WHAT TO WORK ON:
Could you write out the opening lines of the data, word for word, stopping after the line that contains "This paper compares"?
[[ INPUT open ]]
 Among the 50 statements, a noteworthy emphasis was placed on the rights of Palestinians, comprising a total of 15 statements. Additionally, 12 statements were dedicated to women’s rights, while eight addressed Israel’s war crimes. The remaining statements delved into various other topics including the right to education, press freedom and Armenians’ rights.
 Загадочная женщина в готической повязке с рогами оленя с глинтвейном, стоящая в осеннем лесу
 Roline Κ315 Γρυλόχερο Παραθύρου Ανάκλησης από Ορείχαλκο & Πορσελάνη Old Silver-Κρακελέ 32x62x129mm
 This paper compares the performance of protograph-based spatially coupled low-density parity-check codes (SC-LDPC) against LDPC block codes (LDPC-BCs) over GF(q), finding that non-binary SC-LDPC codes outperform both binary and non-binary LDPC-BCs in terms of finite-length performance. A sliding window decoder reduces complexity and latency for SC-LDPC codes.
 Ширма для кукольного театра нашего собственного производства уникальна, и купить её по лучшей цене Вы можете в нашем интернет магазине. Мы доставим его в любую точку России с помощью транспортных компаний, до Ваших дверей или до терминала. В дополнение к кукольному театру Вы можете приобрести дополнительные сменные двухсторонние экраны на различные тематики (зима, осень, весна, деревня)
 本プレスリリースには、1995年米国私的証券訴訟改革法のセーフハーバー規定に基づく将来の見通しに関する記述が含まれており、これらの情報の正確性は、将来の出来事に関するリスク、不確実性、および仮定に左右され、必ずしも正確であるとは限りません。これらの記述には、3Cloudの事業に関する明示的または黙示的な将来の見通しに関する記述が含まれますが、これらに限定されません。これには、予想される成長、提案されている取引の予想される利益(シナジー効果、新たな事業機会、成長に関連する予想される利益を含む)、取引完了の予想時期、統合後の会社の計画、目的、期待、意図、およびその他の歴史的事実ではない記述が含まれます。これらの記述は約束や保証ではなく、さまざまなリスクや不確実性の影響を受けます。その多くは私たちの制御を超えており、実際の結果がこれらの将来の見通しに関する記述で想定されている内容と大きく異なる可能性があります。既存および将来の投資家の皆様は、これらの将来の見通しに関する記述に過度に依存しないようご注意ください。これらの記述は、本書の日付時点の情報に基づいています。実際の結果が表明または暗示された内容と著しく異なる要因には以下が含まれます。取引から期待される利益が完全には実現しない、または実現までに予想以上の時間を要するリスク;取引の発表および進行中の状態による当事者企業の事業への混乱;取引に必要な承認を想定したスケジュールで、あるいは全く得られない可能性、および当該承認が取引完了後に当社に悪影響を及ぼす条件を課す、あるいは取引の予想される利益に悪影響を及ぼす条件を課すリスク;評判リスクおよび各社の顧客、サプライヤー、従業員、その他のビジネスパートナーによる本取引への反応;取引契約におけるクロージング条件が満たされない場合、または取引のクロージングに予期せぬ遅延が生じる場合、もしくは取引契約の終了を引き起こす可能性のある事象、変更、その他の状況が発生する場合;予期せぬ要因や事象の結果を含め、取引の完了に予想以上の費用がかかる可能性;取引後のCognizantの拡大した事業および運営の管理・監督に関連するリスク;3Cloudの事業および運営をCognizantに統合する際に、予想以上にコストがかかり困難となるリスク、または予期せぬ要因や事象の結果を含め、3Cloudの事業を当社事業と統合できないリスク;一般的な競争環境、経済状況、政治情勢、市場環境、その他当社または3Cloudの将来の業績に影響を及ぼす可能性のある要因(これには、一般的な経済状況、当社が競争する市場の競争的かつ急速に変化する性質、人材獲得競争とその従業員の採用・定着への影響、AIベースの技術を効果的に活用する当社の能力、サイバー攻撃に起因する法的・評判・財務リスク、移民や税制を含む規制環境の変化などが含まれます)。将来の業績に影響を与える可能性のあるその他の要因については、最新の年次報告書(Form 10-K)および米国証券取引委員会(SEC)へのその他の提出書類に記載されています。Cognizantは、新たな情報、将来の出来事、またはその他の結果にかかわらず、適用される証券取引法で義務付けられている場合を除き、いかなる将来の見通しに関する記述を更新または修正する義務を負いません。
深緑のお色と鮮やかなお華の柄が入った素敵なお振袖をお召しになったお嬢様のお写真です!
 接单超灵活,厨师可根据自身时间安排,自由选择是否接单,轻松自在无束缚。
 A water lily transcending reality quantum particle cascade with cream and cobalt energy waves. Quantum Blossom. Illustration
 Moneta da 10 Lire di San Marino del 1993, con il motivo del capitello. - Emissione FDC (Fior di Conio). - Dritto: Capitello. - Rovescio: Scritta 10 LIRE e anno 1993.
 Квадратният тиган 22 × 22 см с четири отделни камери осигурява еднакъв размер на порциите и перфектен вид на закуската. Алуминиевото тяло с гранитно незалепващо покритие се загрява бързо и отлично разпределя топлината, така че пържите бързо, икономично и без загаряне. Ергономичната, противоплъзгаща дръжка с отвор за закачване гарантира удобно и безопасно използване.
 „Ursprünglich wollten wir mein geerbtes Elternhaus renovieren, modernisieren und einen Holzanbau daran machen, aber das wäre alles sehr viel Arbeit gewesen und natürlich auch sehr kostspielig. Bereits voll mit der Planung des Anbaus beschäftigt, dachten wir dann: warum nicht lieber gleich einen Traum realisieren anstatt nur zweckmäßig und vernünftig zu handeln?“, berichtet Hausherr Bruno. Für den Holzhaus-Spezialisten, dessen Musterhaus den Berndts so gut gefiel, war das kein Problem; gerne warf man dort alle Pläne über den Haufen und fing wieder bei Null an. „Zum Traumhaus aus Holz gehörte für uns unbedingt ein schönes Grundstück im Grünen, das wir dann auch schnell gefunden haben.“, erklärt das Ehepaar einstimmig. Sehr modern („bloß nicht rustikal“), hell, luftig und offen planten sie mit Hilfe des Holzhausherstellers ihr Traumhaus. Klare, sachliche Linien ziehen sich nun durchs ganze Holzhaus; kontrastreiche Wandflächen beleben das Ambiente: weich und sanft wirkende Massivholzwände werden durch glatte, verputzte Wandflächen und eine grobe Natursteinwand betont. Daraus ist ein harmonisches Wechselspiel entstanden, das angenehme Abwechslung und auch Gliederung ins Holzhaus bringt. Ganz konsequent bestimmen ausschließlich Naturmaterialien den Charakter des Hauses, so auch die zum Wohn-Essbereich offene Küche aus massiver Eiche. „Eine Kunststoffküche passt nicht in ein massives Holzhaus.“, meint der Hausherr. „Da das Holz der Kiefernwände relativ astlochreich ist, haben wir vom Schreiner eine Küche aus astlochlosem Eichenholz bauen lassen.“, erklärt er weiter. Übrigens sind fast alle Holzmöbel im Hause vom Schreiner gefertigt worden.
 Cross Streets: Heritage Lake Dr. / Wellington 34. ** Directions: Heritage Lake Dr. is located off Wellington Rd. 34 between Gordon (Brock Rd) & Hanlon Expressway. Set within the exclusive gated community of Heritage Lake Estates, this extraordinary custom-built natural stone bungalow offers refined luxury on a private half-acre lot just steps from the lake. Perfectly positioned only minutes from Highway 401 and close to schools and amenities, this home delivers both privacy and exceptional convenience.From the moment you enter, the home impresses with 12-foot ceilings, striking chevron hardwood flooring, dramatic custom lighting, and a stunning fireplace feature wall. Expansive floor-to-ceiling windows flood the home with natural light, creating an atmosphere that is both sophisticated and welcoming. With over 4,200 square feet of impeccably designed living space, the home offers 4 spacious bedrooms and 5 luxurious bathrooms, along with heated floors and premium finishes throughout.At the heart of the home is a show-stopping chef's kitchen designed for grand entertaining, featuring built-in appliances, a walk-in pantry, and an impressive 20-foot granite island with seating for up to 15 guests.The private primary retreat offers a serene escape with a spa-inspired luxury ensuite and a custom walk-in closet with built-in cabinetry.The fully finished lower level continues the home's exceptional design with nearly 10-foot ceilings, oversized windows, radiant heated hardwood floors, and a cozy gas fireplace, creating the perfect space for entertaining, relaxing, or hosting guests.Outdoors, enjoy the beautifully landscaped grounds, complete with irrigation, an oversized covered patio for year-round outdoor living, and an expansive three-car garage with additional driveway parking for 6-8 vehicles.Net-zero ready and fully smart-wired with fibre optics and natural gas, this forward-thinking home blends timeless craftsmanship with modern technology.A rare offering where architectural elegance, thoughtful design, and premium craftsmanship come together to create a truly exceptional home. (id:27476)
[[ INPUT closed ]]
RESPONSE TO THIS EXERCISE:
 Among the 50 statements, a noteworthy emphasis was placed on the rights of Palestinians, comprising a total of 15 statements. Additionally, 12 statements were dedicated to women’s rights, while eight addressed Israel’s war crimes. The remaining statements delved into various other topics including the right to education, press freedom and Armenians’ rights.
 Загадочная женщина в готической повязке с рогами оленя с глинтвейном, стоящая в осеннем лесу
 Roline Κ315 Γρυλόχερο Παραθύρου Ανάκλησης από Ορείχαλκο & Πορσελάνη Old Silver-Κρακελέ 32x62x129mm
 This paper compares the performance of protograph-based spatially coupled low-density parity-check codes (SC-LDPC) against LDPC block codes (LDPC-BCs) over GF(q), finding that non-binary SC-LDPC codes outperform both binary and non-binary LDPC-BCs in terms of finite-length performance. A sliding window decoder reduces complexity and latency for SC-LDPC codes.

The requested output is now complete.